The 1990s were also the decade of Atlanta’s transformation into a major corporate headquarters city — with the presence of companies including Coca-Cola, CNN, Delta Air Lines, and Home Depot creating a professional employment base that attracted educated Black professionals from across the country.
The Broader Picture — What the Numbers Reveal
The South scored net gains of Black migrants from all three of the other regions of the U.S. during the late 1990s, reversing a 35-year trend. Of the 10 states that suffered the greatest net loss of Blacks between 1965 and 1970, five ranked among the top 10 states for attracting Blacks between 1995 and 2000.
Georgia led all states in migration gains from the late 1980s through 2005–2010. North Carolina, Florida, and Maryland were also among the states that gained the highest number of Black migrants for most years, as was Virginia.

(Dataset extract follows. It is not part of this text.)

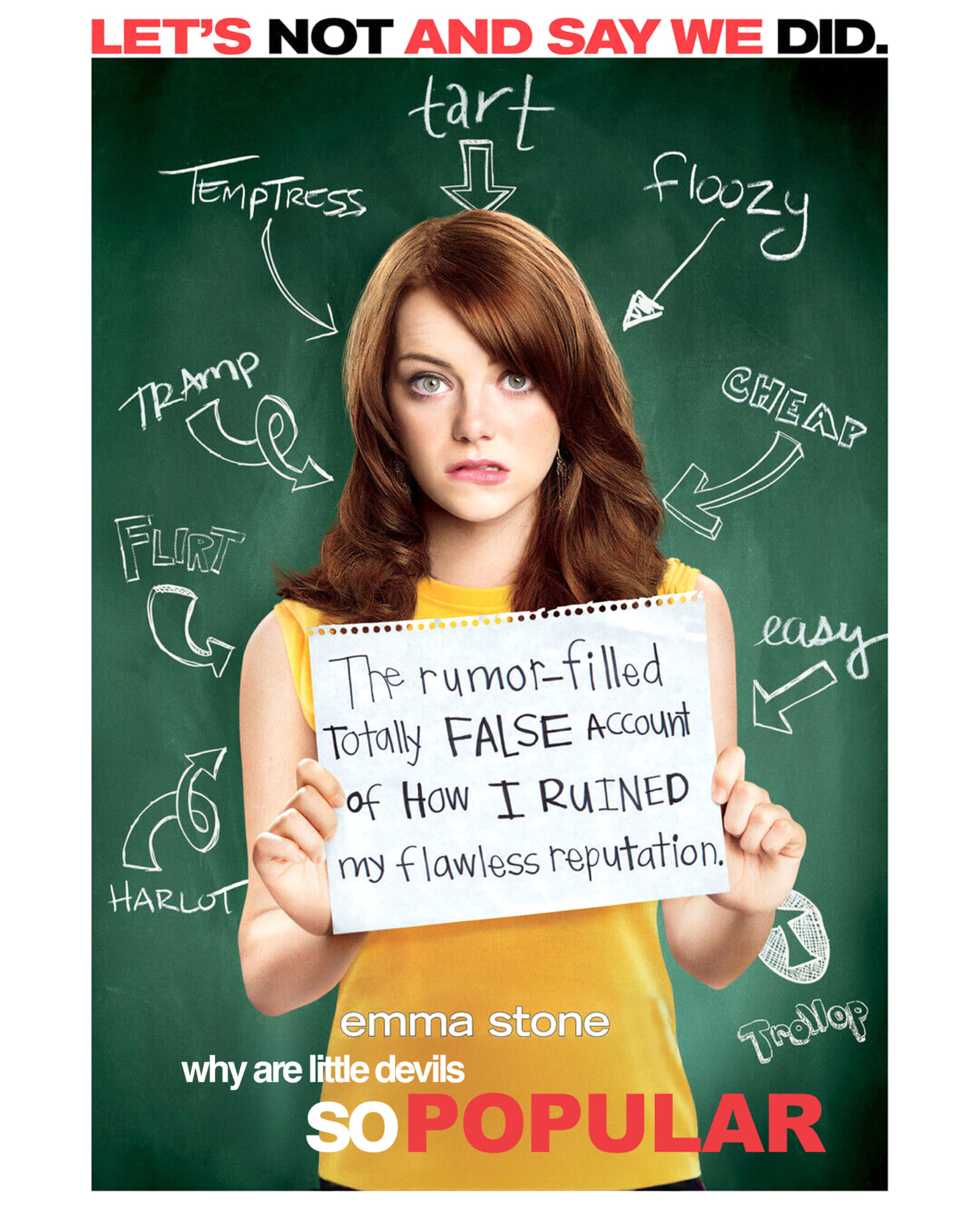 Easy A is a 2010 teen comedy that follows Emma Stone as high school student Olive Penderghast. When a rumor spreads that she has slept with a college boy, Olive starts to be labeled as the school tramp. She tries to turn this in her favor, using her new reputation of promiscuity to help boys increase their popularity by letting them claim they have had sex with her in exchange for gift cards.

It is also worth noting an important qualification about the nature and scale of this movement. While hundreds of thousands of African Americans have left Northern cities, they have not made a trail to the farms and hamlets where their ancestors may have picked cotton but to the biggest cities of the South — Atlanta, Houston, Dallas — which are now more cosmopolitan and thus more like their Northern counterparts. The reverse migration was an urban-to-urban movement driven by the growth of southern metropolitan economies rather than a literal return to the rural communities of origin.
Key Takeaways
The increase in African American migration from the North to the South in the 1990s was not a single-cause phenomenon — it was the convergence of powerful push factors from northern cities and powerful pull factors from the emerging New South, operating simultaneously across economic, social, cultural, and political dimensions.
The New Great Migration was generally spurred by the economic difficulties of cities in the Northeastern and Midwestern United States, growth of jobs in the ‘New South’ and its lower cost of living, family and kinship ties, and lessening discrimination. Each of these forces was individually significant. Together, they produced a demographic reversal of historic proportions — one whose consequences for the South’s politics, culture, and economy continue to unfold in the decades since.
Per the historical record assembled by Brookings, the National Museum of African American History and Culture, and the US Census Bureau, the 1990s reverse migration represents one of the most significant demographic realignments in late twentieth century American history — a movement that reshapes our understanding of both the original Great Migration and the ongoing story of African American life in the United States.
The story of African American migration is not a simple arc from South to North — it is a more complex and more ongoing negotiation between opportunity, belonging, freedom, and the specific conditions of specific places at specific historical moments. The 1990s reversal is not the end of that story. It is its latest significant chapter.